Las causas de las deficiencias auditivas podemos clasificarlas cronológicamente en:

ž   Causas prenatales (antes del nacimiento): de origen hereditario-genético o adquiridas (procesos infecciosos como la rubéola, sífilis, etc. o administración de fármacos tóxicos de la madre).

ž   Causas neonatales: dependen de múltiples factores interrelacionados, pero podemos centrar las causas en cuatro: anoxia neonatal, ictericia neonatal, prematuridad y traumatismo obstétrico.

ž   Causas postnatales: son todas aquellas que aparecerán a lo largo de la vida de una persona, destacando como causas más importantes la meningitis, laberintitis, sarampión, varicela o la exposición de sustancias ototóxicas (especialmente de carácter farmacológico).

¿Cómo interviene el logopeda en la discapacidad auditiva?

Una vez valorado y diagnosticado el niño con discapacidad auditiva, el audiólogo o audioprotesista procede a la adaptación de una audioprótesis o un implante coclear en función de las necesidades del niño. Tras la implantación del dispositivo, es necesario un período de adaptación en el que el logopeda (en colaboración con el audioprotesista) debe fomentar la recepción del lenguaje oral en los ambientes en que el niño se desenvuelve, modificando los parámetros del sonido que sean necesarios (intensidad, límite de frecuencias percibidas, etc.).

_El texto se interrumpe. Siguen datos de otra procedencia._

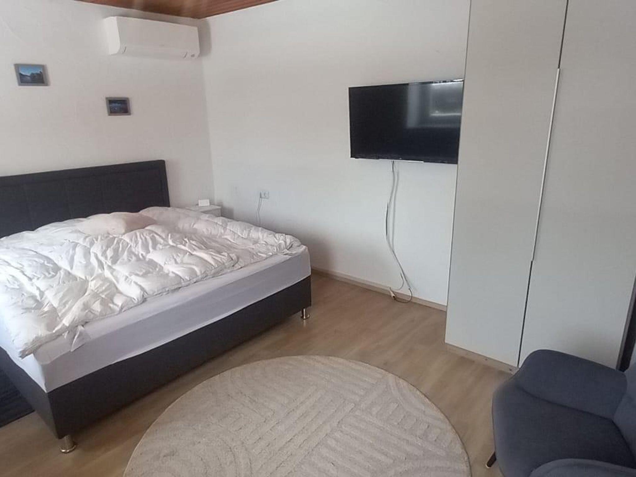 Schlafzimmer 1 im Erdgeschoss mit Boxspringbett 1,80 und ausklappbaren TV, Kleiderschrank und Sessel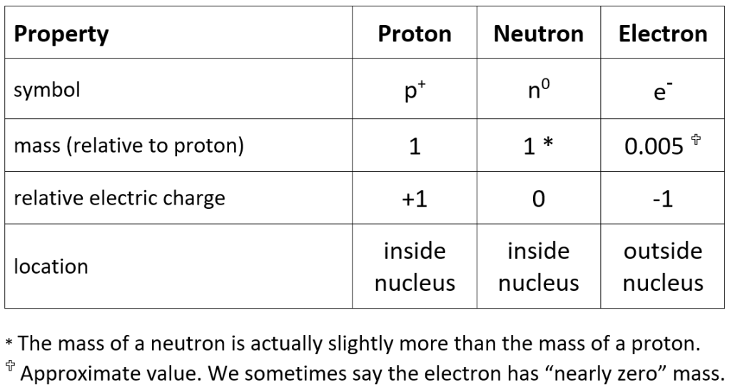 The table below lists the essental information you need to know about the three sub-atomic particles; protons, neutrons and electrons.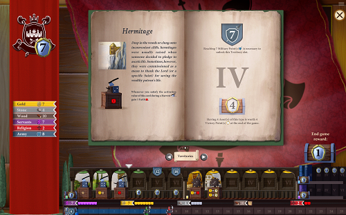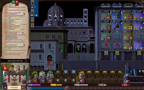 La manipulation de l’appli s’avère plutôt facile, à la longue, et on peut vérifier pas mal de choses grâce à des rappels graphiques bienvenus : petites bannières pour la foi, des artisans venant se rajouter près des portes des bâtiments de production, rappel des coûts supplémentaires sur les tours… Le job est fait.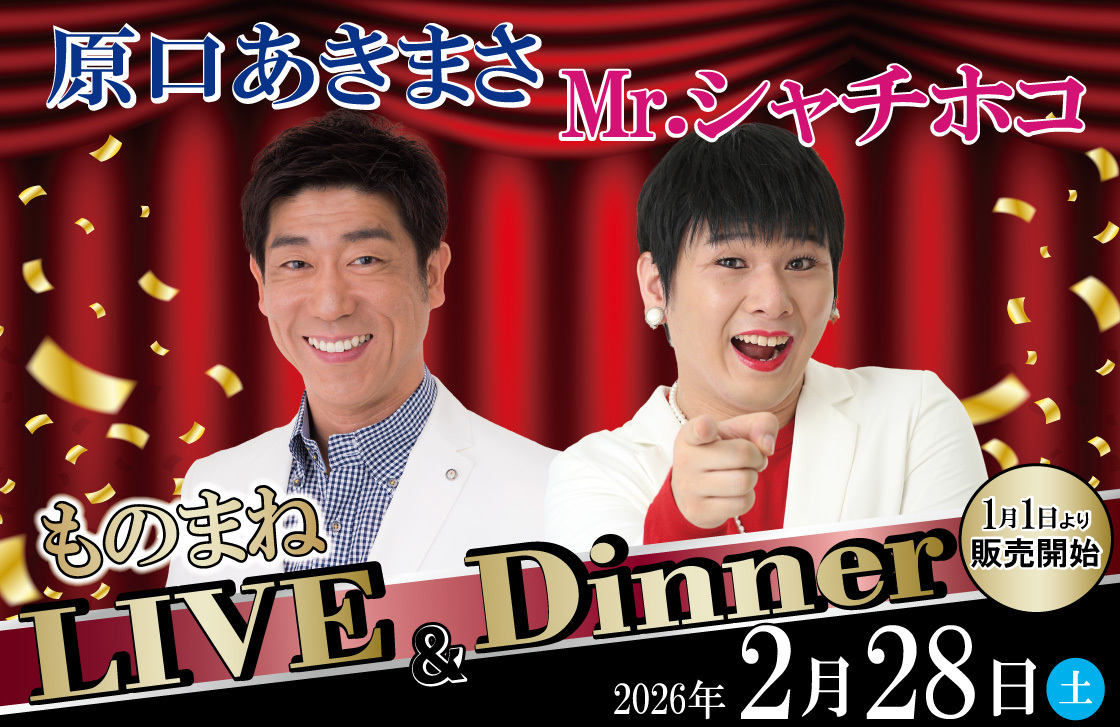 ▶「原口あきまさ・Mr.シャチホコ ものまねLIVE&Dinner」をお申込みの方は、

Posteriormente, el logopeda procede a la reeducación auditiva de la persona, enseñando de nuevo (o por primera vez) a percibir el sonido, el habla y a comprender el lenguaje oral.

¿Cuáles son los objetivos de la reeducación logopédica?

ž   Estimular el lenguaje verbal con el fin de facilitar la integración del niño en su ambiente cotidiano.

ž   Desarrollar la capacidad del niño con deficiencia auditiva para diferenciar y discriminar distintos sonidos, frases, palabras, etc.

ž   Mejorar los niveles de comprensión y expresión del lenguaje.

ž    Desarrollar adecuadas técnicas de lectoescritura.

ž   Ampliar los niveles de lectura y escritura comprensiva.

ž   Fomentar la ampliación y adquisición de vocabulario y conceptos nuevos.

ž   Desarrollar estructuras oracionales y gramaticales correctas.

ž   Conseguir una correcta articulación y emisión de fonemas y grupos consonánticos.